Cosmic Glow, Dissenting Tongues: A Practice with Paradoxes and Silences

The lola-jhiva (लोलजिह्व) figuration of the tongue lolling out of the mouth—in reckless audacity or doubt, or a combination of the two—has been haunting our thoughts, our work, our dreams and our drawings of late. It hovers, incarnates, asks questions, offers answers, fades, and then returns. The loosened tongue is an ambiguous, ambivalent sign, embodying both an action and a reflex in the wake of an action—or, if you like, practice and theory.


The unfurled tongue can be read as both an involuntary gesture and a coded sign. Its contradictory loosening seems to offer up an insatiable desire to lick away and taste every residue of reality, to slake every thirst, even as it also admits to a reluctance or regret at such a frank expression of unbridled appetite.


The tongue is the organ of taste (a discerner of multiple perceptions from temperature to flavor to texture to danger) as well as an instrument of expression.
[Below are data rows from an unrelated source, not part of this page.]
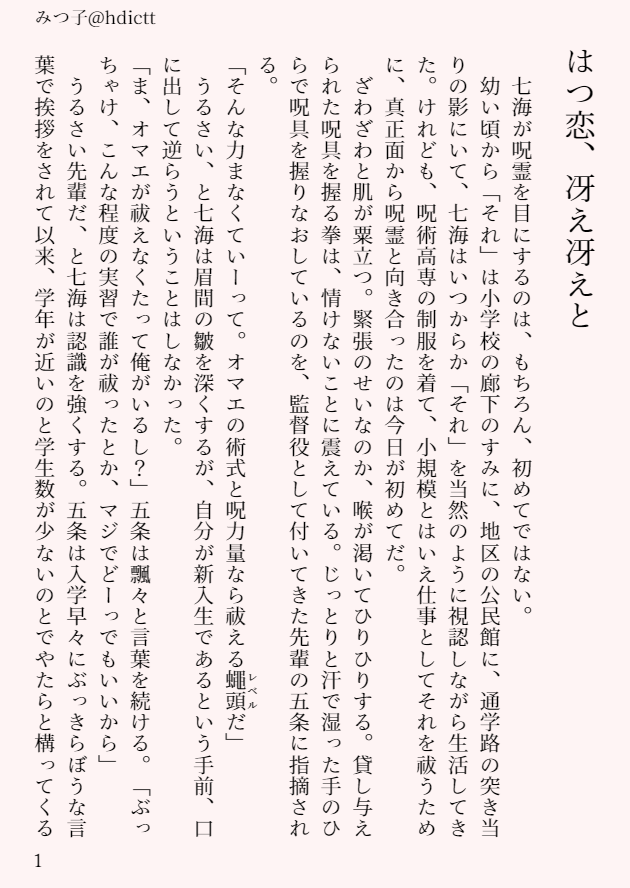 #文体練習 練習問題①文はうきうきと 問1.一段落~一ページで、声に出して読むための語りの文を書いてみよう。オノマトペ、頭韻、繰り返し表現、リズムの効果、造語や自作の名称、方言など、ひびきとして効果があるものは何でも好きに使っていい――ただし脚韻や韻律は使用不可。 でした!脚韻って何? 2年以上前 (2023.7.19) twilog
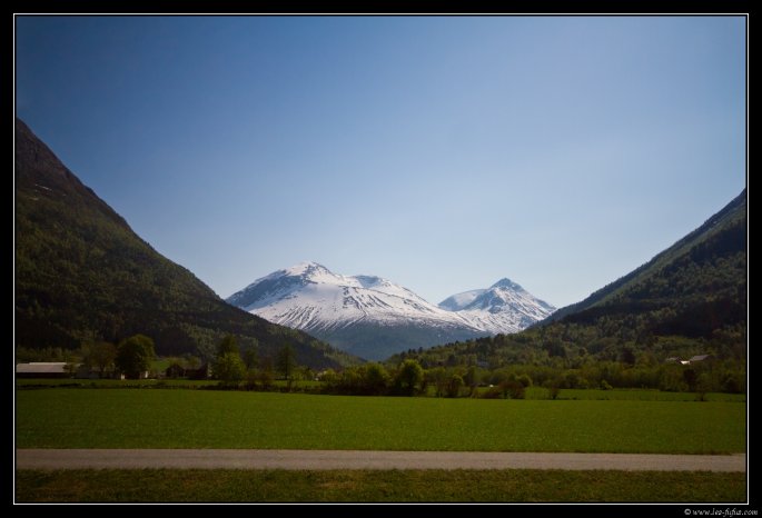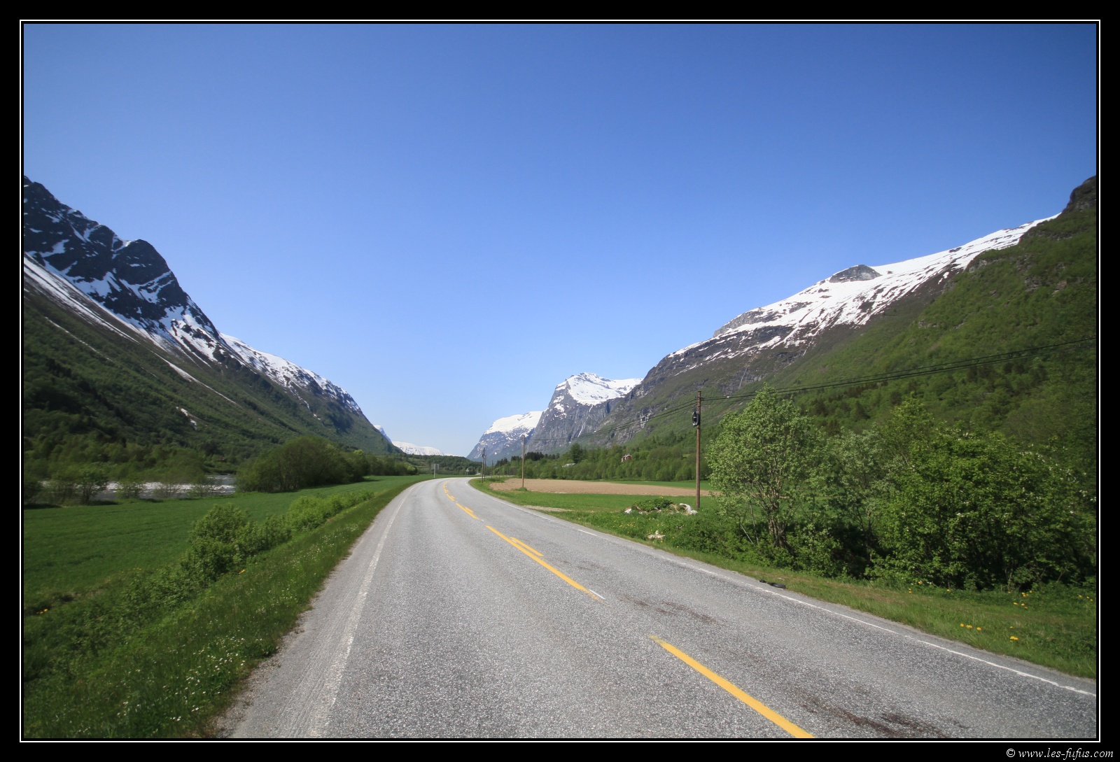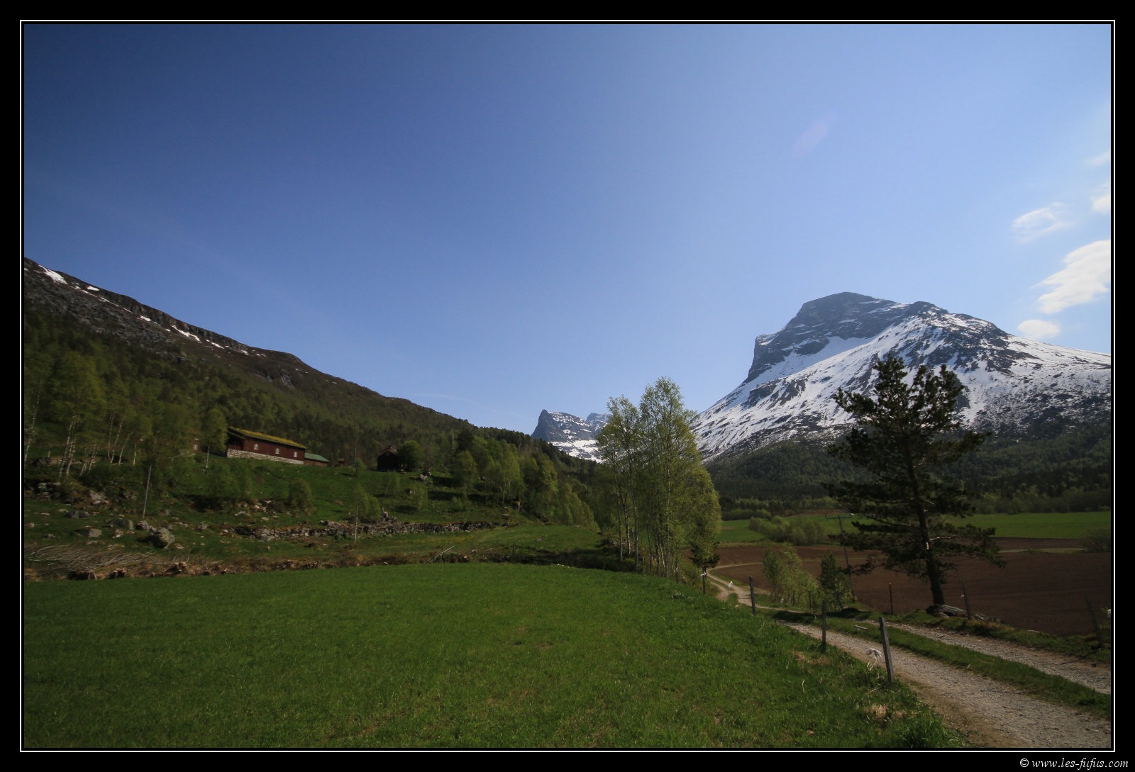 Arrivé à la ville de Sunndalsøra, je fais un crochet pour rejoindre Innerdalen, une vallée réputée comme étant l'une des plus jolies de Norvège. C’est en effet très plaisant, il n’y a personne hormis les agriculteurs travaillant dans leurs champs.
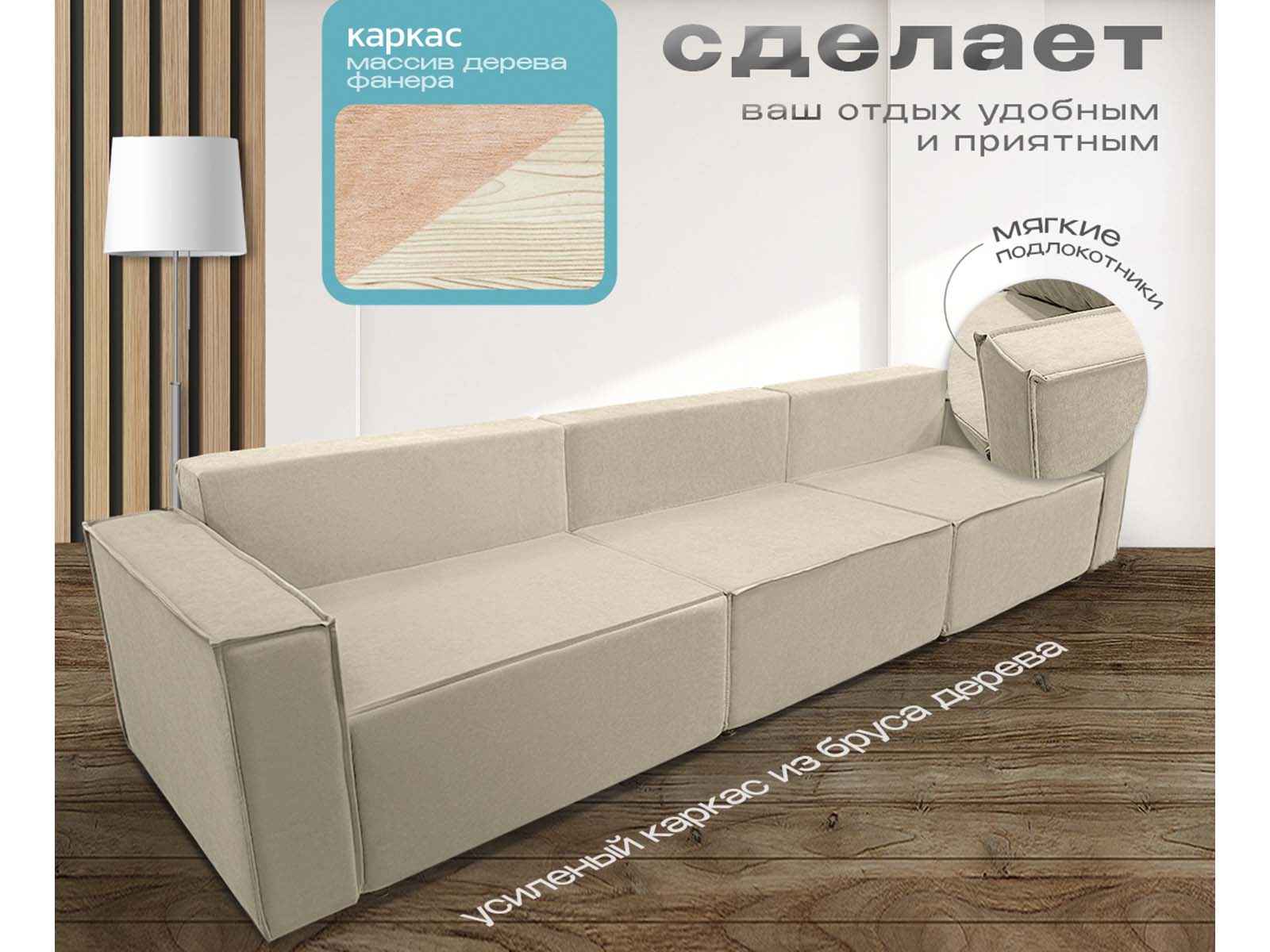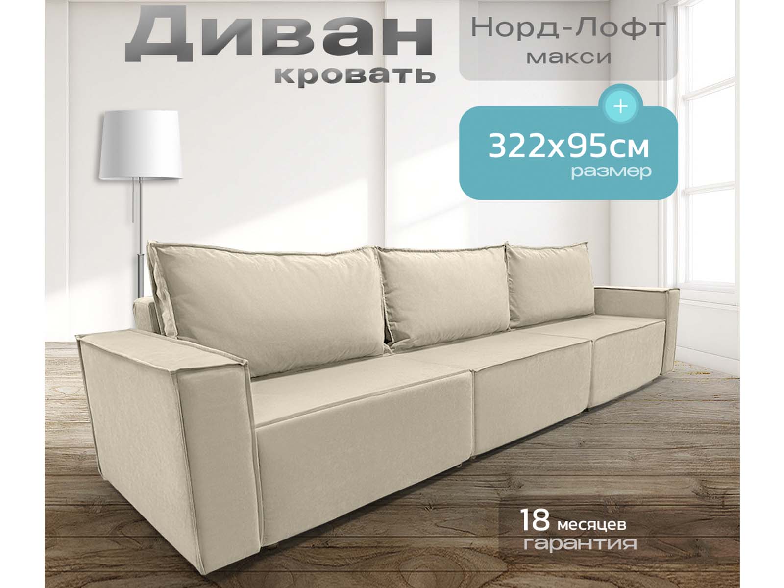 Диван Норд-Лофт Макси бежевый, еврокнижка, ортопедический, велюр или бархат

It is a reader as well as an author of experience and sensation.


A tongue gives rise to language (a tongue set free), but also accords afterthought in the wake of language, or reproach at the occasion of free-flowing, unrestrained communication (a biting of the tongue).


The tongue superposes within itself the roles of an observer, a subject, an actor, an agent, or a transmitter who expresses an understanding or an affect, as well as the roles of the observed, the object, the acted upon, the receiver. It all depends on who’s looking, when, and why.